The Parcel is third film by Indrasis Acharya. The film won Best Indian Director award from 25th Kolkata International film festival. The Parcel is a 2020 Indian Bengali, mystery cum psychological thriller film produced by Rituparna Sengupta and Krishna Kyal. The film features Rituparna Sengupta, Saswata Chatterjee, Anindya Chatterjee and Ambarish Bhattacharya in lead roles and Sreela Majumdar and Pradip Mukherjee as supporting characters.

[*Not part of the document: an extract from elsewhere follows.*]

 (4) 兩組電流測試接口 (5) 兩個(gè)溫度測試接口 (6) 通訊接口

The story of the film revolves around a doctor-couple and Nandini, the protagonist, and mysterious parcels.

=== Filmography ===

|  | Denotes films that have not yet been released |

| Year | Film | Writer | Director | Producer |
|---|---|---|---|---|
| 2017 | Bilu Rakkhosh | Yes | Yes | Aalekh |
| 2018 | Pupa | Yes | Yes | Addatimes |
| 2020 | The Parcel | Yes | Yes | Bhavna aaj O Kal & Krishna Kayal |
| 2021 | 'Red Velvet' part of a Hindi Anthology Three Course Meal | Yes | Yes | Kefi entertainment |
| 2023 | Niharika | Yes | Yes | Pastel Entertainment & Vintage Motion Picturez |

===Short films===
Acharya has made four short films till date namely UN-FAIR-Y, Oneker Moddhey Ekjon (One Amongst Many), Living beyond the Line, Ektu Antorikotar Jonno (For a Little Affection).

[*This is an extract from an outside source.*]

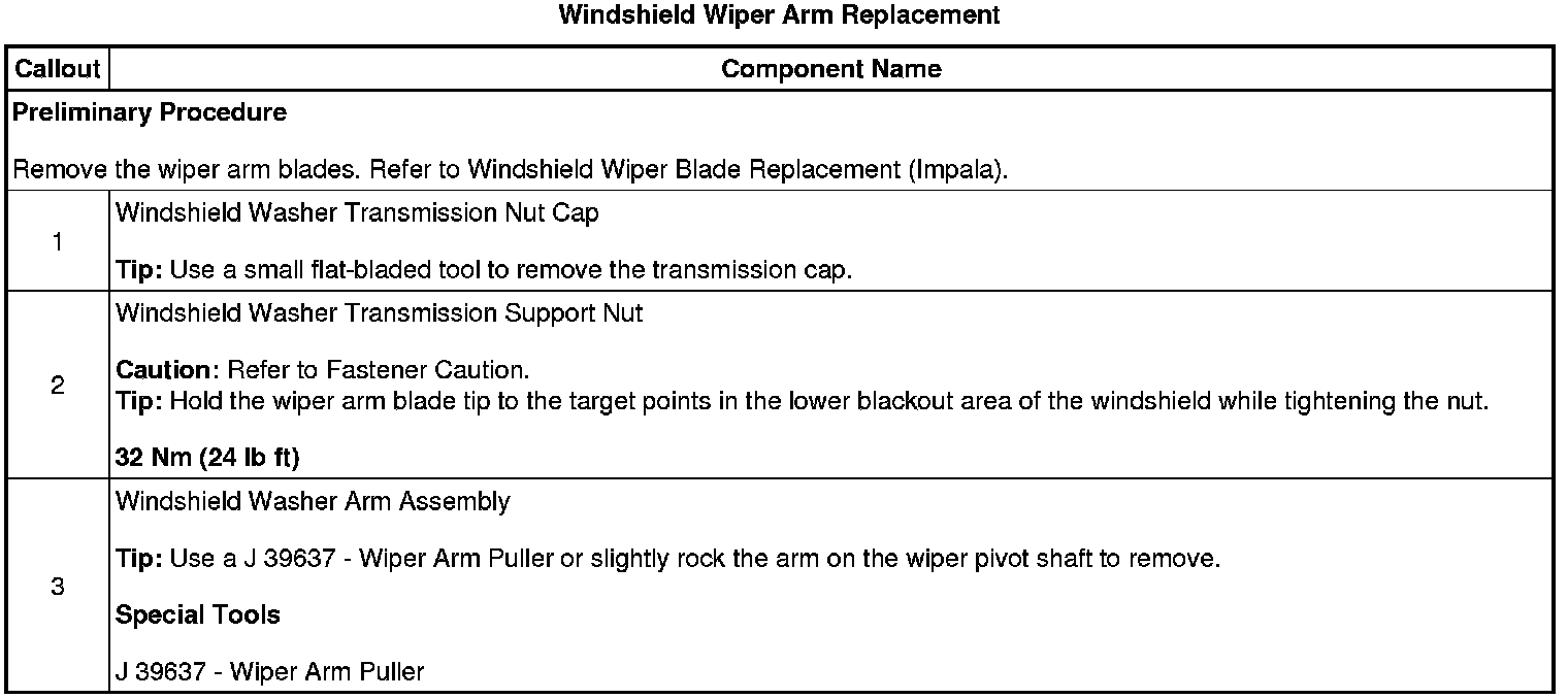 Wiper Arm: Service and Repair

==Awards and recognition==

Niharika (In the Mist)

• Official Selection - Adelaide Film Festival, 2022.

• Official Selection In Competition - 6th Hanoi International Film Festival, 2022.

• Official Selection in International Film Festival of Kerala (IFFK) - India Film Today

• Official Selection - Pune International Film Festival.

• Official Selection - Adelaide Film Festival, 2022.

• Best film ( critics) 2023 - Filmfare Awards

• Best Plyback 2023 - Filmfare Awards

The Parcel

- Best Indian Director - 25th Kolkata International Film Festival
- Official Selection PARCEL - Jogja NETPAC Asian film festival, Indonesia to celebrate one hundred years of Bengali Cinema.
- Best Film- Audience Choice Award, Indian Panorama, Diorama International film festival.
- Best Female Actor (Rituparna Sengupta ) Jury Award - 10th DC South Asian Film Festival, 2022.
- Official Selection- 19th Dhaka international film festival in Cinema of the World Section, USA
- Official Selection- In Competition, Melbourne Indian Film Festival.
- Official Selection- New York Indian Film Festival.
- Official Selection - In Competition St Andrews International Film Festival, Scotland

Pupa:
- In Competition- HANOI International Film Festival, Vietnam
- In Competition – Kolkata International Film Festival, India
- Asian Selection (Sole)- China Lanmei Film Week
- Invitation by London University for screening at Goldsmith Literary Seminar 2019
- Best Film (Bengali) - All India Critic Choice Film Award, Mumbai, 2018, CCFA.
- Best Film All Lights International Film Festival, India, 2018
- Best Film- Boston Indian Film Festival, 2018
- Best Film- Bengal Film Journalist Association, 2018
- Best Director, Best Actor, Best Sound Design in Aurangabad International Film festival
- Best Director- Hyderabad Film Festival,2018
- Best promising Director 2019 from NABC
- Special Jury Mention in Dada Saheb Film Festival,
- In Selection- Best Film for Hiralal Sen Award (West Bengal)
- In Selection- Film Fare Award 2018
- In Competition Pondicherry International Film Festival
- In Competition – Trissur International Film Festival
- Third Eye Asian film Festival, Mumbai
- Dhaka International Film Festival
- Habitat Film Festival.
- Singapore South Asian International Film Festival

Bilu Rakkhosh:

- Official Selection New York Indian Film festival in Competition
- Nominated for Best Actor Category in New York Indian Film Festival
- Official Selection Jagran Film Festival in Competition
- Official selection Third Eye Asian Film Festival
- Official selection Bodhisattva International Film Festival in Competition
- Official Selection Habitat Film Festival
- Official nomination Asia pacific screen awards, Brisbane, Australia.

==Upcoming project==
He is working on his new film titled Gajoner Dhulobali (Dust and Pebbles) with Ritwick Chakraborty, Rituparna Sengupta, Loknath Dey, Deepak Haldar and others.

His first Hindi fiction Red Velvet as a part of a Hindi Anthology of three short stories is under Post Production now.